Conexión inesperada

EXTRA PRE NAVIDEÑO

La casa estaba en silencio, ese tipo de silencio que se nota cuando la emoción es tan grande que ni se atreve a hacer ruido.

Lala dormía en la cama, hecha un ovillo, respirando despacito.
Martín estaba despierto a su lado, apoyado sobre un codo, mirándola como si acabase de descubrir un milagro.

La mano de ella descansaba sobre su vientre plano.
Su cara seguía hinchada de llorar.
Su pelo era una mezcla de nube y desastre.
Y nunca le había parecido tan bonita.

Martín bajó la mirada.
Ahí estaba.
Su bebé.
El peque.
La patatita misteriosa.

Se inclinó un poco, cuidando no despertarla.

Y murmuró, bajito:

—Hola, peque… soy yo. Tu papá. Bueno, Martín, pero ya nos iremos conociendo.

Se rio solo, muy bajito.

—Sé que todavía no eres más grande que un garbanzo, pero que sepas algo: estoy enamorado de ti desde ya. De ti y de tu madre.
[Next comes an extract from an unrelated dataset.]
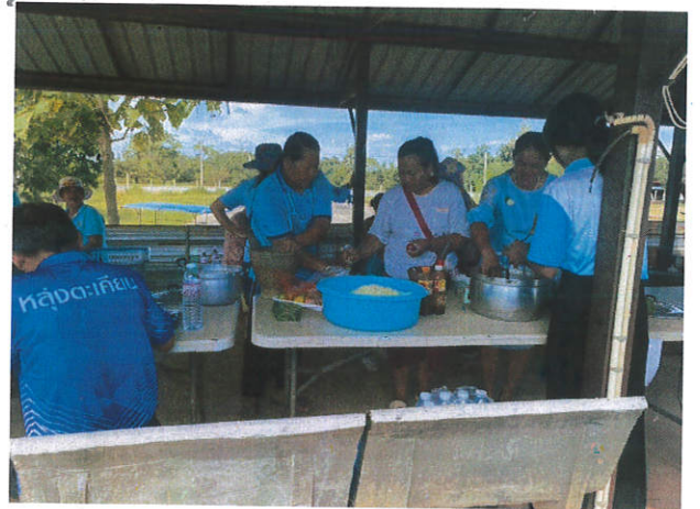
ร่วมรับประทานอาหารร่วมกัน

Sobre todo de tu madre… aunque hoy ha llorado dieciséis veces por motivos que probablemente no tienen sentido para ningún humano.

Realizó una pausa dramática.

—Y aun así, es perfecta.

Lala murmuró algo incomprensible en sueños y se acercó más a él.

Martín sonrió.

—Prometo cuidarte. Y prometo cuidarla a ella incluso cuando llore porque la tostadora le “le quemó las tostadas”. Ya verás, tu madre es… única.

Acarició la barriga con cuidado.

—Buenas noches, peque.

Apagó la lámpara y se quedó mirándolas a los dos —ella y la promesa dentro de ella— hasta quedarse dormido.

La mañana de la ecografía, Lala estaba tan nerviosa que se había puesto y quitado la misma camiseta siete veces.
La octava estaba en sus manos, arrugada como si hubiese sobrevivido a una guerra civil textil.

Martín, apoyado en el marco de la puerta, la observaba como quien intenta razonar con un tornado.

—Cariño, estás preciosa —dijo por séptima vez, aunque ya había perdido la cuenta.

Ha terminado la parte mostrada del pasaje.